◆ How to complete this task: Your answer should be only the lines below from the one with "Alvin Lee is" to the one with "England & Wales, Civil", repeated exactly, ends included.

### Dataset extract

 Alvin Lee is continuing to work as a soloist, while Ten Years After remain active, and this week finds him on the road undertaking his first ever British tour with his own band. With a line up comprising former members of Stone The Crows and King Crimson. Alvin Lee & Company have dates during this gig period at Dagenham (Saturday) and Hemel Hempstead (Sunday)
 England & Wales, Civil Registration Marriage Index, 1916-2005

######
### Dataset extract

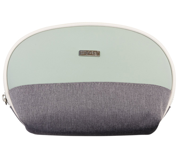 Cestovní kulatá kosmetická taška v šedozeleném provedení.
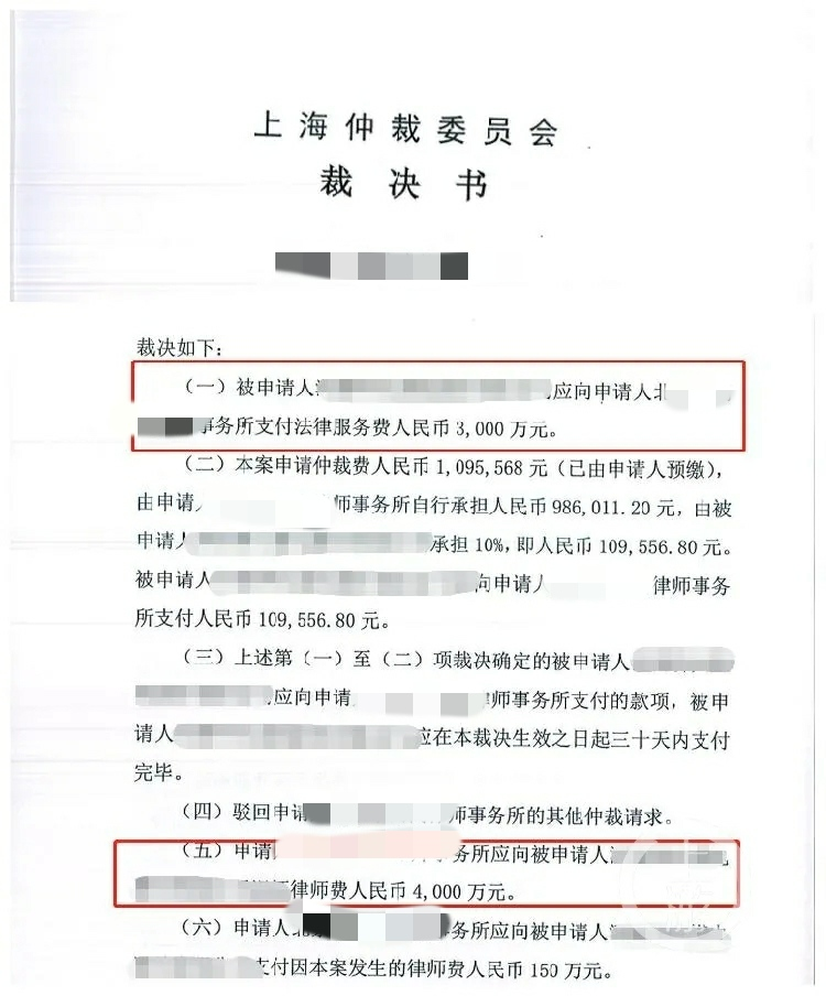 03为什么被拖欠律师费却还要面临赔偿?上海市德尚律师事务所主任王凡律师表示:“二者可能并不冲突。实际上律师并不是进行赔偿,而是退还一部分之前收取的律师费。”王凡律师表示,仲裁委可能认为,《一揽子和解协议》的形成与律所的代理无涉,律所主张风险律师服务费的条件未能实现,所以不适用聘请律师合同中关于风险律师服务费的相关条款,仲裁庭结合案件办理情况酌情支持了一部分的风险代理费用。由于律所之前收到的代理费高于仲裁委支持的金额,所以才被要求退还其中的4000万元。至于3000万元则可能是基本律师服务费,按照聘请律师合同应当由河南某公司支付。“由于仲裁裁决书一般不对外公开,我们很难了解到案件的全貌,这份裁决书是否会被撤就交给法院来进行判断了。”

######

◆ Response:
 Alvin Lee is continuing to work as a soloist, while Ten Years After remain active, and this week finds him on the road undertaking his first ever British tour with his own band. With a line up comprising former members of Stone The Crows and King Crimson. Alvin Lee & Company have dates during this gig period at Dagenham (Saturday) and Hemel Hempstead (Sunday)
 England & Wales, Civil Registration Marriage Index, 1916-2005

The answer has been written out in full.